Key Voicemail phrases

Optionally, the feature can also given a list of common phrases that one might hear on a voicemail greeting. If any of the phrases are detected then the determination is immediately made that this is a machine. These phrases are supplied via an external file, so they can be easily updated as needed for a specific deployment. As example, here are sample phrases that might be used for an english language greeting:

{
  "en-US": [
    "call has been forwarded",
    "at the beep",
    "at the tone",
    "leave a message",
    "leave me a message",
    "not available right now",
    "not available to take your call",
    "can't take your call",
    "I will get back to you",
    "I'll get back to you",
    "we will get back to you",
    "we are unable",
    "we are not available"
  ]
}
Beep detection

The feature also attempts to detect audio tones, or beeps that are commonly used on voicemail systems. If detected, an event is sent via the actionHookf to the webapp.

Determining when to leave a voicemail

For an application that wishes to leave a message on a voicemail system, it is necessary to know when the voicemail greeting has completed and the voicemail system is now ready to record the message. If the feature determines that the remote party is a machine, it will continue listening to the greeting until it completes and then send an event via the actionHook to the application. This can be used as a cue to let the application know that it is time to start leaving the message.

Events

The payload that is included in the actionHook will always contain a type property describing the event type. Some event types may also include additional properties. These are described in the table below.

type meaning additional properties
amd_human_detected a human is speaking {reason, greeting, language}
reason is 'short greeting',
greeting is the recognized greeting and
language is the recognized language
amd_machine_detected a machine is speaking {reason, hint, transcript, language}
reason is 'hint' or 'long greeting',
hint is the recognized hint
transcript is the recognized greeting and
language is the recognized language
amd_no_speech_detected no speech was detected none
amd_decision_timeout no decision was able to be made in the time given none
amd_machine_stopped_speaking machine has completed the greeting none
amd_tone_detected a beep was detected none
amd_error an error has occurred error - an error message
amd_stopped answering machine detection was stopped none

It is possible to receive more than one event for a single call. For instance, a possible sequence of events on a call to an answering machine is:

  1. amd_machine_detected, then
  2. amd_tone_detected, then
  3. amd_machine_stopped_speaking
Configuration

The full set of configuration parameters is shown below.

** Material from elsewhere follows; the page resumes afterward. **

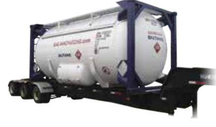
Low Pressure & Cryogenic ISO Containers

Carbon Monoxide 99.0% to 99.99% + CNG / LNG 94.0% + Ethane 99.0% to 99.5% Ethylene 99.0% to 99.95% HCL Anhydrous 99.0% to 99.999% Methane 99.0% to 99.999%

property meaning required?
actionHook webhook to send amd events yes
thresholdWordCount number of spoken words in a greeting that result in an amd_machine_detected result no, default=9
recognizer speech recognition parameters, used as per gather and transcribe no, default=app defaults
timers object containing various timeouts no
timers.noSpeechTimeoutMs time in milliseconds to wait for speech before returning amd_no_speech_detected no, default=5000
timers.decisionTimeoutMs time in milliseconds to wait before returning amd_decision_timeout no, default=15000
timers.toneTimeoutMs time in milliseconds to wait to hear a tone no, default=20000
timers.greetingCompletionTimeoutMs silence in milliseconds to wait for during greeting before returning amd_machine_stopped_speaking no, default=2000
Voicemail phrases

If desired, a JSON file of voicemail phrases, organized by language as shown above can be supplied. If provided, the environment variable VMD_HINTS_FILE should point to the file path to this file.

Answering machine detection on inbound calls

Answering machine detection can also be performed on an inbound leg by adding an amd property to a config verb. While it is less common to need to do answering machine detection on an inbound leg, this can be useful when jambonz is behind a dialer that has placed the outbound call and then connected it to jambonz by sending an INVITE to jambonz.